Work to be completed -
Leave the images aside and copy out the whole listing, exact to the word.

Data extract -
☆ ☆ ☆ ☆ ☆ ☆ ☆

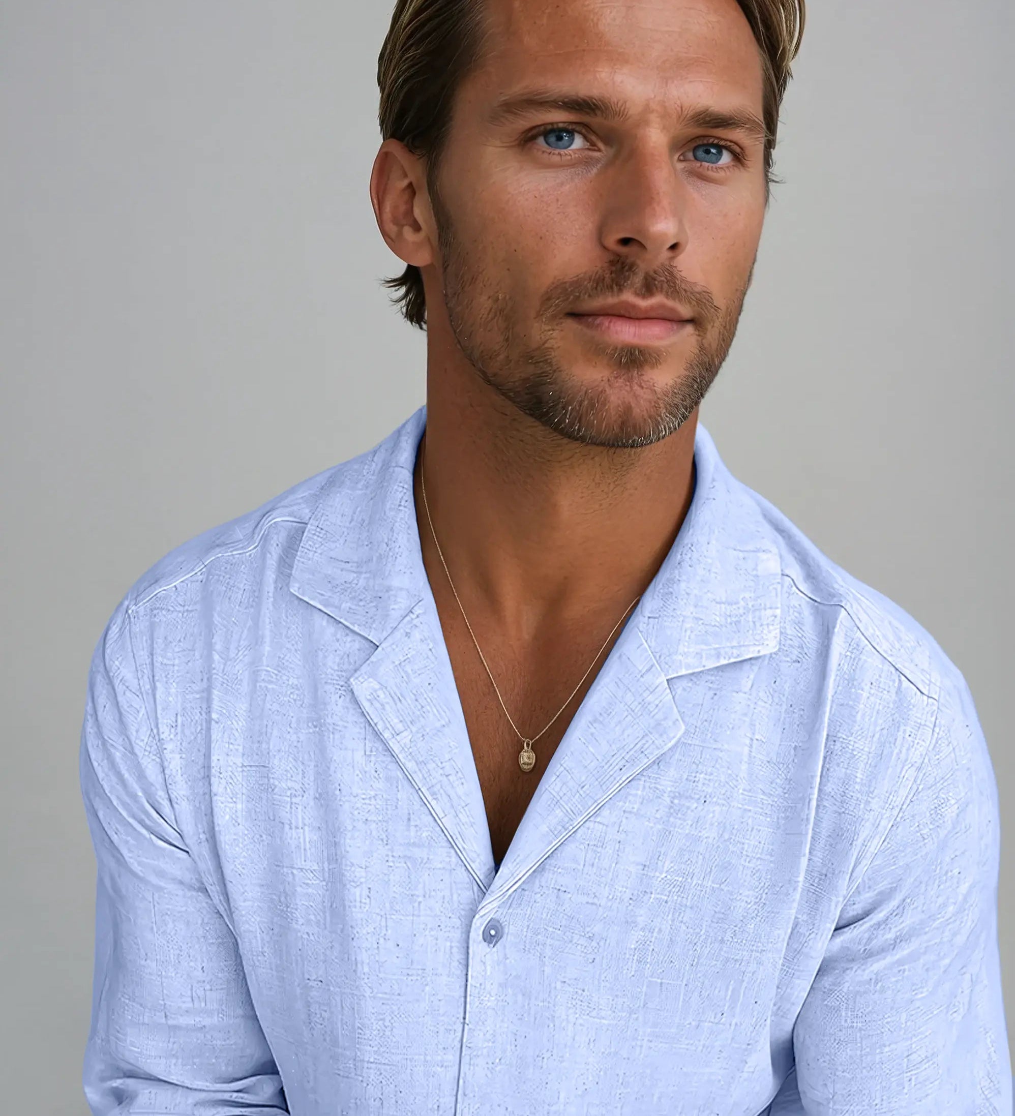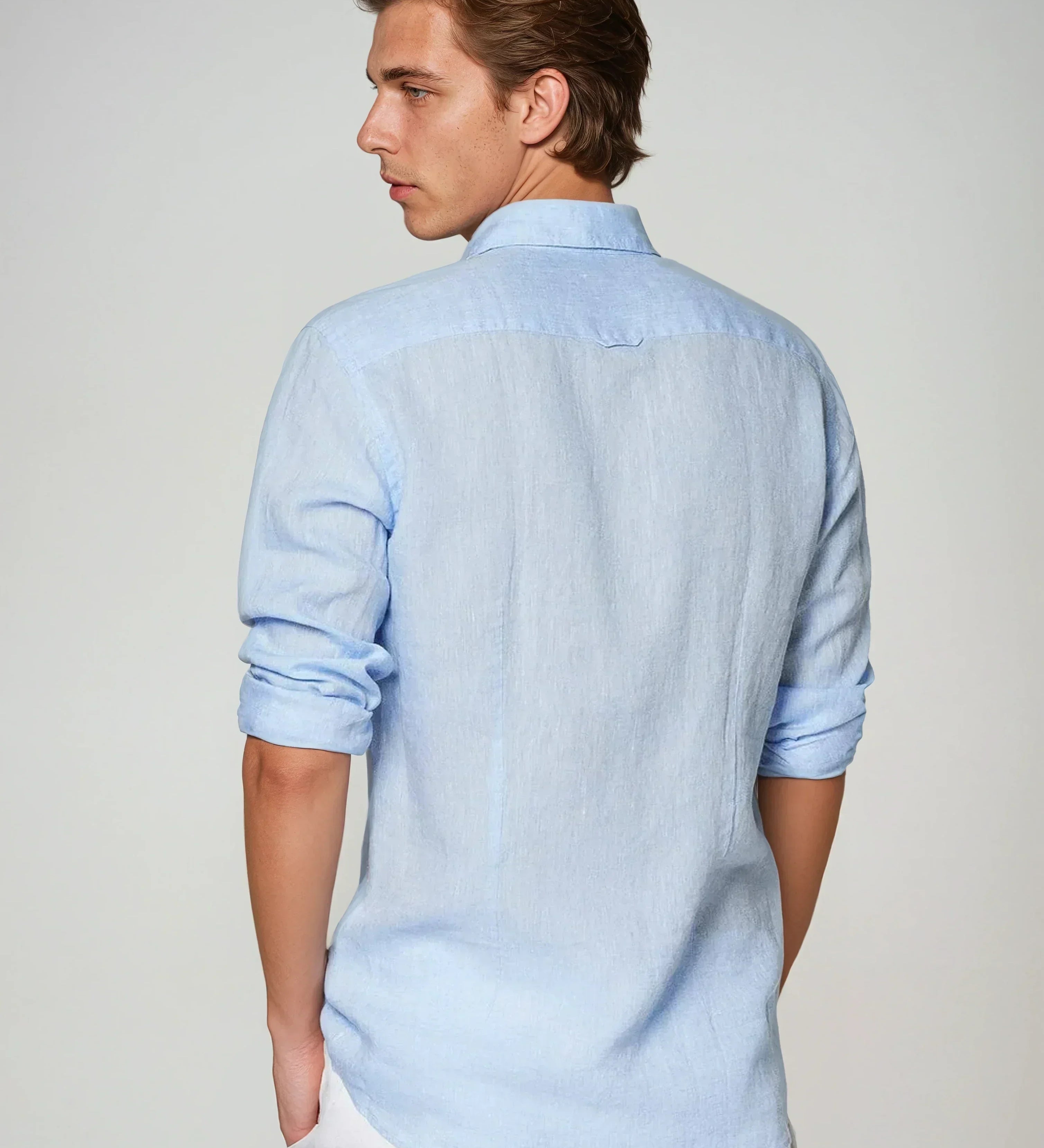 Világoskék lenvászon ing álló gallérral
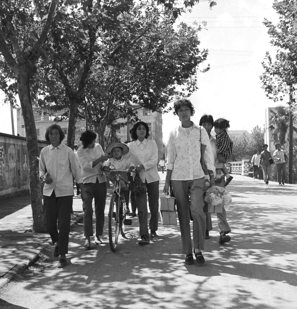 《采购回家》。川沙原在浦东开发前是县城。每当双休日,周围几个乡镇的百姓都喜欢结伴进城游玩购物。图为人们购物后满载而归。1985年摄于川沙。
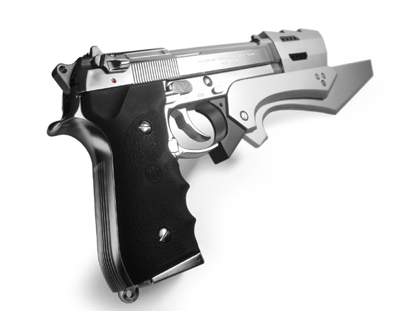 実銃はイタリアのピエトロ・ベレッタ社が生産・販売している9mm口径の半自動拳銃ベレッタM92F。

☆ ☆ ☆ ☆ ☆ ☆ ☆

Problem solution -
 Világoskék lenvászon ing álló gallérral
 《采购回家》。川沙原在浦东开发前是县城。每当双休日,周围几个乡镇的百姓都喜欢结伴进城游玩购物。图为人们购物后满载而归。1985年摄于川沙。
 実銃はイタリアのピエトロ・ベレッタ社が生産・販売している9mm口径の半自動拳銃ベレッタM92F。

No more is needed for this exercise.